Despite widespread public impressions, he was neither a Communist nor overtly anti-clerical. He was an activist, pure and simple. Following the war, he initially supported some charities sponsored by the Catholic Church. He had been to Sicily brieﬂy in the early l94Os, when his father worked for the railroad here. But it was during a subsequent visit to Sicily’s Greek archeological sites that he became acutely aware of what can only be described as squalid rural poverty. The young Dolci sought to address problems that few others were willing even to recognize, much less confront. In the 1950s, despite continuing mass emigration from northern Italy as well as Sicily, it took courage to write about the nation’s failure to provide opportunities for its least fortunate citizens, or a self-governing region’s abuse of public funds literally stolen by politicians associated directly with the Maﬁa. Yet, Dolci did so with eloquence, despite constant threats from corrupt law-enforcement authorities.
Dolci’s social center attracted attention on a global scale, prompting many to compare him to Martin Luther King. Like Doctor King, Dolci was a charismatic character whose movement appealed to socially-conscious young people around the World, some of whom came to Sicily to work with him. Yet, Dolci’s blunt, pragmatic message was rarely a convenient or ﬂattering one.
As a humanitarian, he created public works programs, investigated public corruption and generally assisted the poorest people of northwestern Sicily, attempting to improve their living conditions while using Partinico and Trappeto as his main bases. The Jato Dam was one such project.

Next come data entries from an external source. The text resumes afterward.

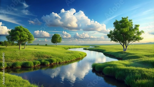© Arnada, Obraz premium Serene River Landscape 4K Minimalist Video: Lush Green Grass, Blue Sky, Flowing Water, Nature Scenery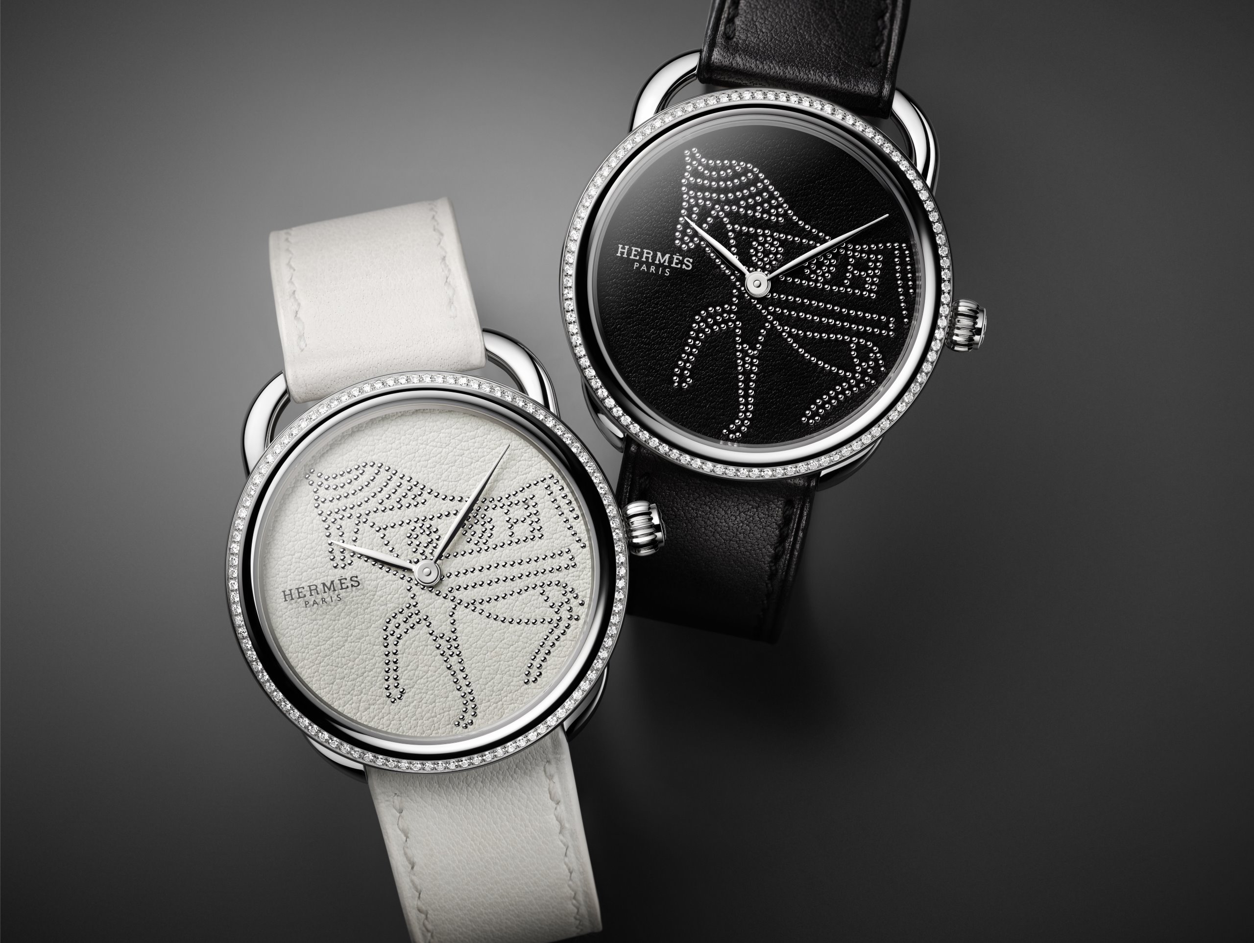 The result of Hermès’s saddlery and leathermaking expertise, 395 mini studs – individually placed on the leather dial of the new Arceau Horse – compose an equestrian motif. The meticulous studding is complemented by the delicate crafting of the black or white leather, both miniaturised to the scale of the dial. The spirited horse comes to life framed by a steel case set with 100 diamonds and secured to the wrist by a calfskin strap matching the dial colour – all produced in the Hermès Horloger workshops. In a fascinating blend of understatement, brilliance and careful attention to every demanding detail, the Arceau Horse boldly flaunts its singularity both by day and by night.
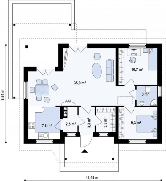 Проект одноэтажного дома с террасой Z136 minus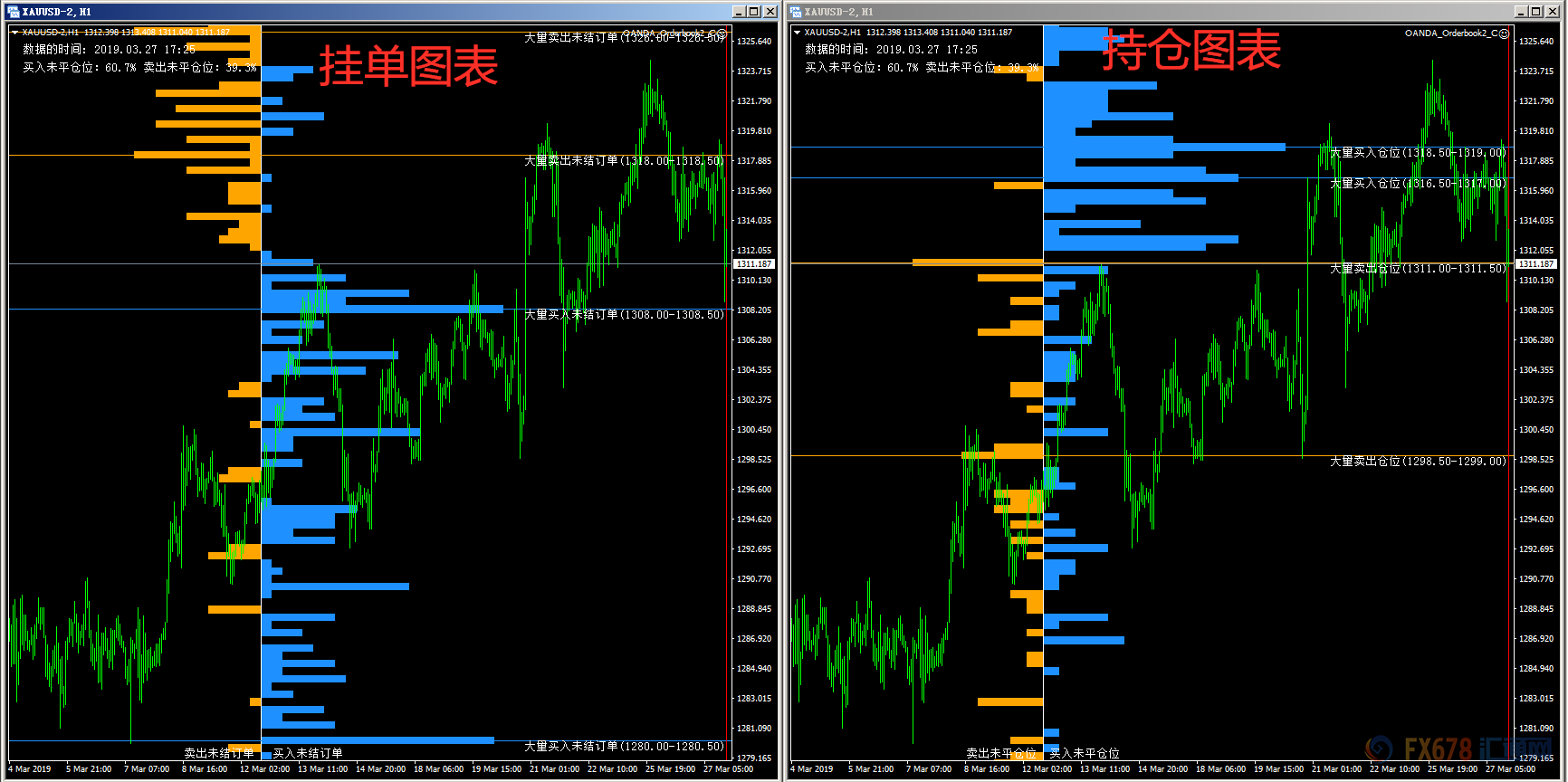 OANDA(安达)最新挂单图表显示,目前多空持仓比例大约是--多头:60.7%,空头:39.3%。后市仍倾向上行。上方1326.00/50和1318.00/50附近存在较多卖出挂单,下方1308.00/50和1280.00/50附近存在较多买入挂单。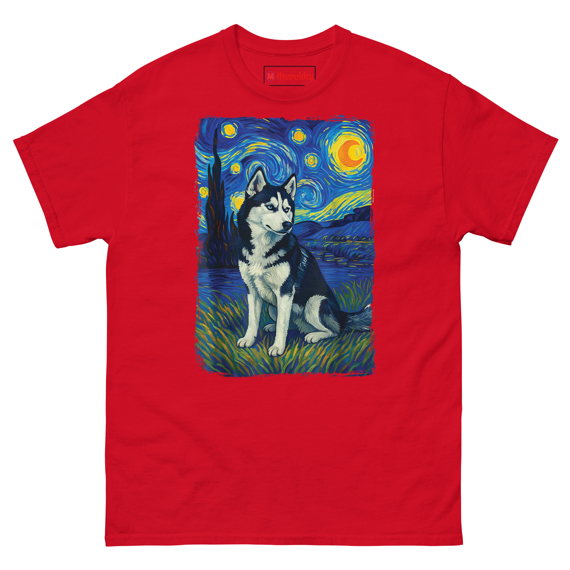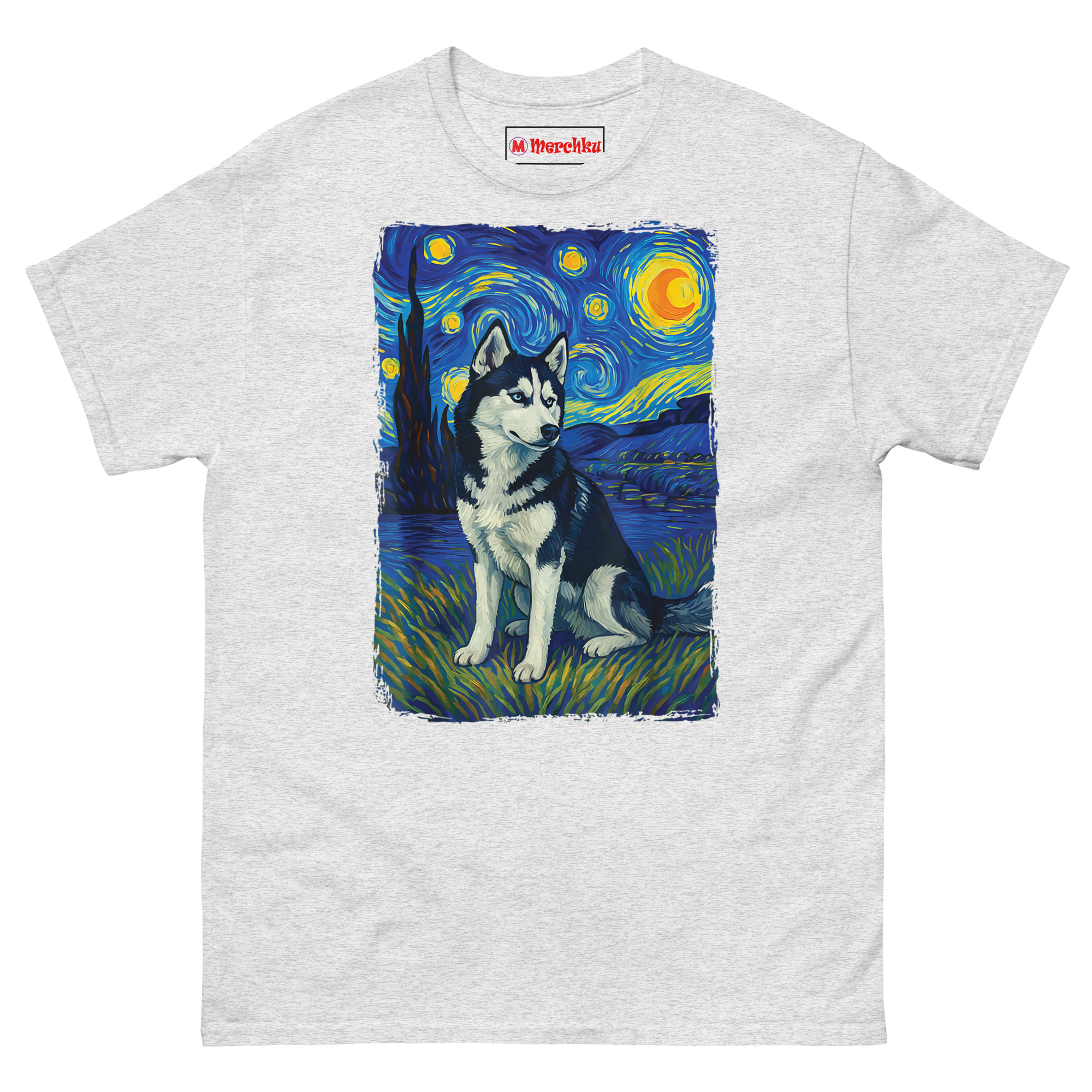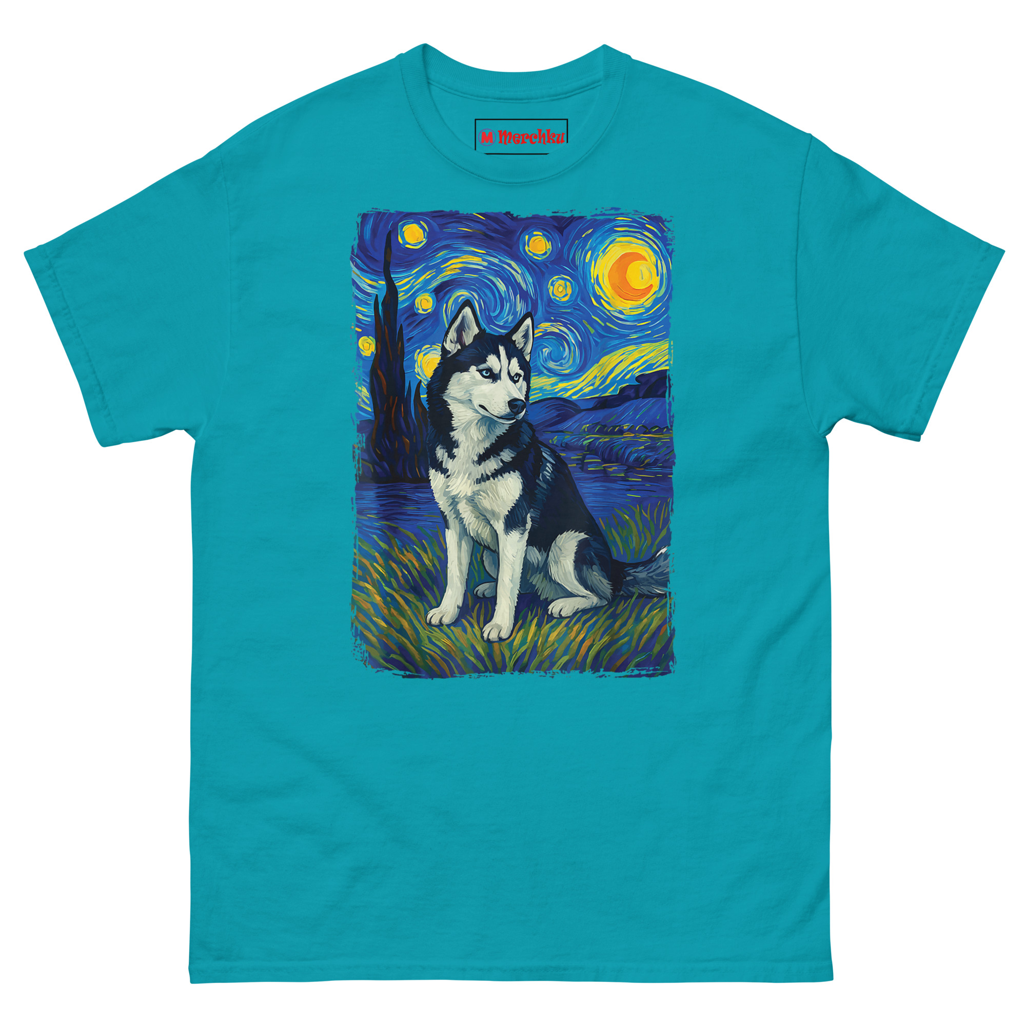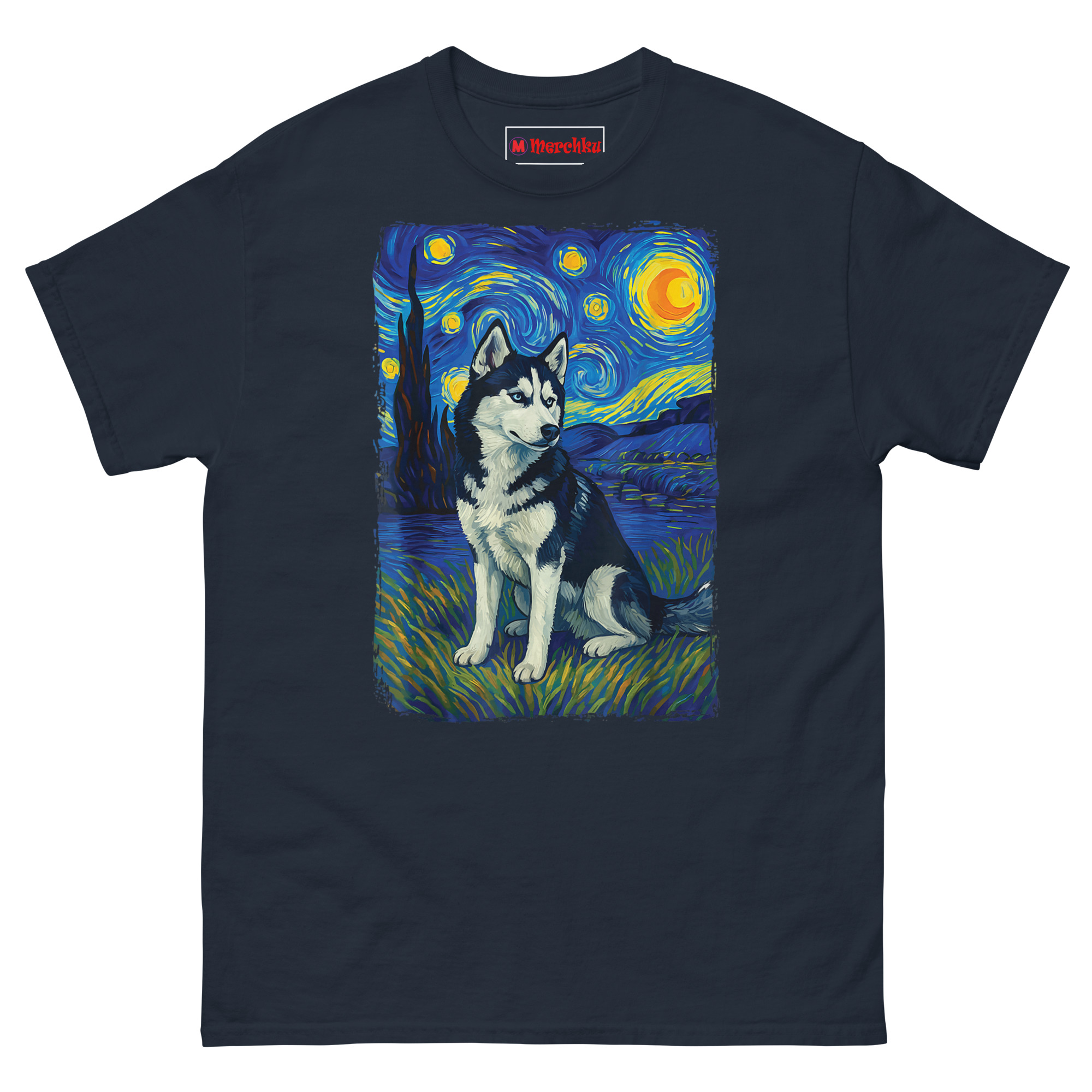 Instead of just printing a dog on a shirt, we reimagined the husky as the centerpiece of “The Starry Night.” The result turns your pet into the star of their own universe. You’ll notice the husky sits proudly in the foreground, rendered with lifelike detail. Behind him, the sky swirls with those iconic blue nebulae and glowing yellow stars that Van Gogh made famous.

Dolci published extensively and brought popular attention to the humblest citizens of a very slowly evolving society, earning praise around the world. Danilo Dolci was twice nominated for the Nobel Prize and was awarded the Lenin Peace Prize, the funds from which were used to establish a string of social centers to address the needs of poor families. Among those who publicly voiced support for his efforts were Carlo Levi, Erich Fromm, Bertrand Russell, Jean Piaget, Aldous Huxley, Jean-Paul Sartre and Ernst Bloch. Dolci was twice married and had several children. Sicilian Lives remains his best-known book, while one of the best biographical works about him is American author Gerry Magione’s A Passion for Sicilians.